1.   Select the Velocity Formulation to be used in the Solver panel: either Absolute or Relative. (See Section  10.7.1 for details.)

Define $\rightarrow$ Models $\rightarrow$ Solver...

(Note that this step is irrelevant if you are using one of the coupled solution algorithms; these algorithms always use an absolute velocity formulation.)

2.   For each cell zone in the domain, specify its translational velocity and/or its angular velocity ( $\omega$) and the axis about which it rotates.

Define $\rightarrow$ Boundary Conditions...

(a)   If the zone is rotating, or if you plan to specify cylindrical velocity or flow-direction components at inlets to the zone, you will need to define the axis of rotation. In the Fluid panel or Solid panel, specify the Rotation-Axis Origin and Rotation-Axis Direction.

(b)   Also in the Fluid or Solid panel, select Moving Reference Frame in the Motion Type drop-down list and then set the Speed under Rotational Velocity and/or the X, Y, and Z components of the Translational Velocity in the expanded portion of the panel.

Details about these inputs are presented in Section  7.17.1 and in Section  7.18.1.

3.   Define the velocity boundary conditions at walls. You can choose to define either an absolute velocity or a velocity relative to the velocity of the adjacent cell zone specified in step 2.

If the wall is moving at the speed of the moving frame (and hence stationary relative to the moving frame), it is convenient to specify a relative angular velocity of zero.
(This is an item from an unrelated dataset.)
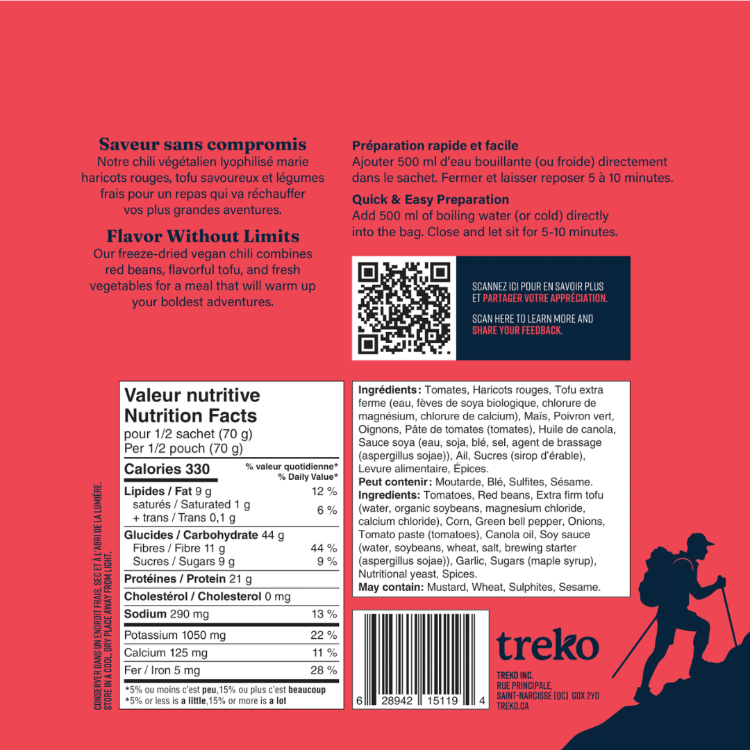 Les Cretons d’expé véganes Treko sont une réinterprétation innovante du traditionnel creton québécois. Grâce à une combinaison de lentilles rouges, d’avoine et d’épices soigneusement sélectionnées, ces cretons offrent une saveur authentique et une texture surprenante, tout en étant entièrement végétaliens. Lyophilisés à 100 %, ils sont légers, pratiques et prêts en un instant.

Likewise, a wall that is stationary in the non-moving frame of reference should be given a velocity of zero in the absolute reference frame. Specifying the wall velocities in this manner obviates the need to modify these inputs later if a change is made in the rotational velocity of the fluid zone.

An example for which you would specify a relative velocity is as follows: If an impeller is defined as wall-3 and the fluid region within the impeller's radius is defined as fluid-5, you would need to specify the angular velocity and axis of rotation for fluid-5 and then assign wall-3 a relative velocity of 0. If you later wanted to model a different angular velocity for the impeller, you would need to change only the angular velocity of the fluid region; you would not need to modify the wall velocity conditions.
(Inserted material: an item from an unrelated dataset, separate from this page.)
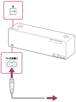 用交流电源线(附送)将扬声器牢固连接到交流电源插座。
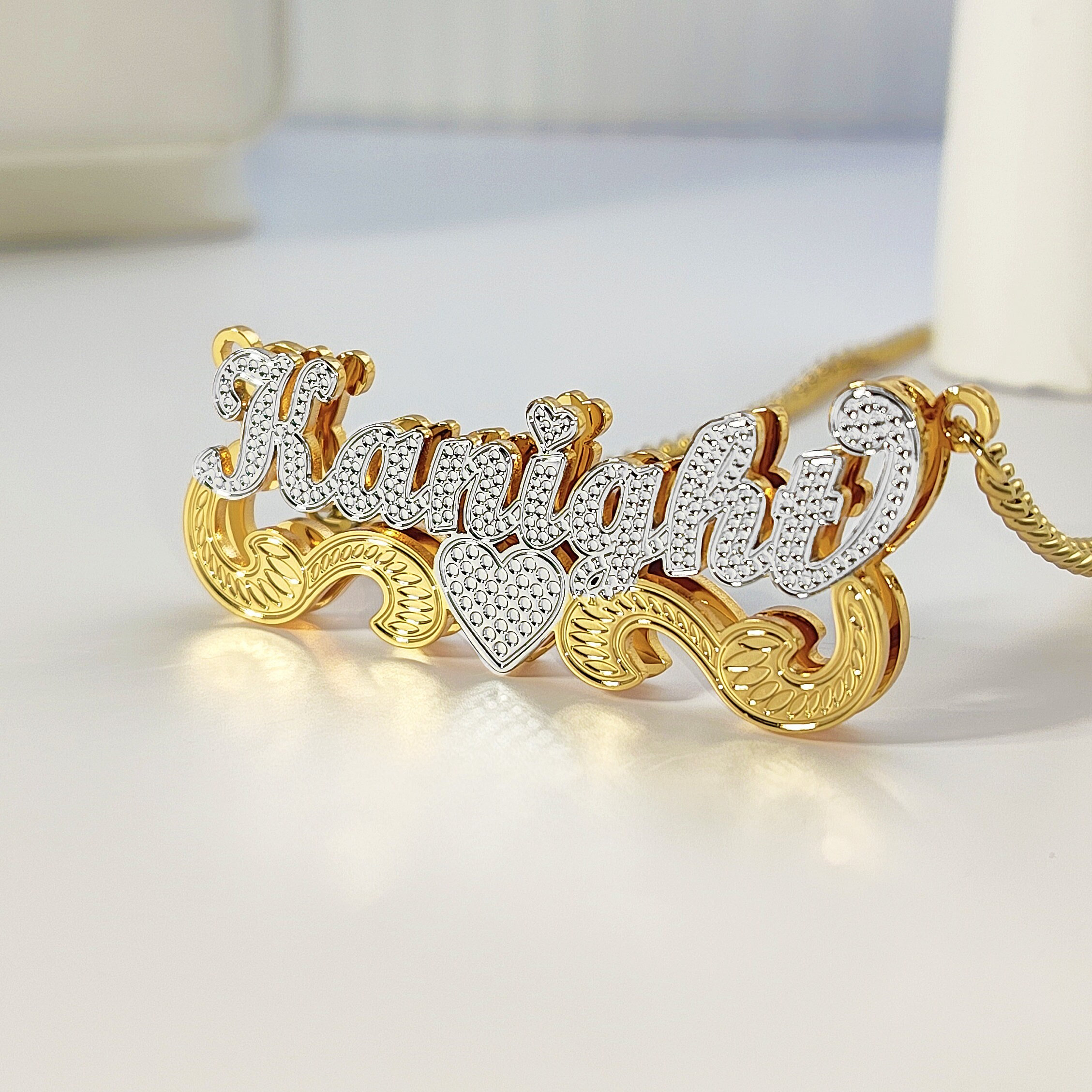 Double Heart Tone Two Nameplate Necklace, Custom Nameplate Pendant,...

Details about these inputs are presented in Section  7.13.1.

4.   Define the velocity at any velocity inlets and the flow direction and total pressure at any pressure inlets. For velocity inlets, you can choose to define either absolute velocities or velocities relative to the motion of the adjacent cell zone (specified in step 2). For pressure inlets, the specification of the flow direction and total pressure will be relative or absolute, depending on the velocity formulation you selected in step 1. See Section  10.7.1 for details. (If you use one of the coupled solution algorithms, the specification is always in the absolute frame.)

Details about these inputs are presented in Sections  7.3.1 and 7.4.1.

5.   Initialize the solution using an absolute frame of reference (Figure  10.10.1).

Solve $\rightarrow$ Initialize $\rightarrow$ Initialize...

Select the Absolute option under Reference Frame. If the Relative to Cell Zone option is selected, the initial flow field can contain discontinuities, which can cause convergence problems in the first few iterations.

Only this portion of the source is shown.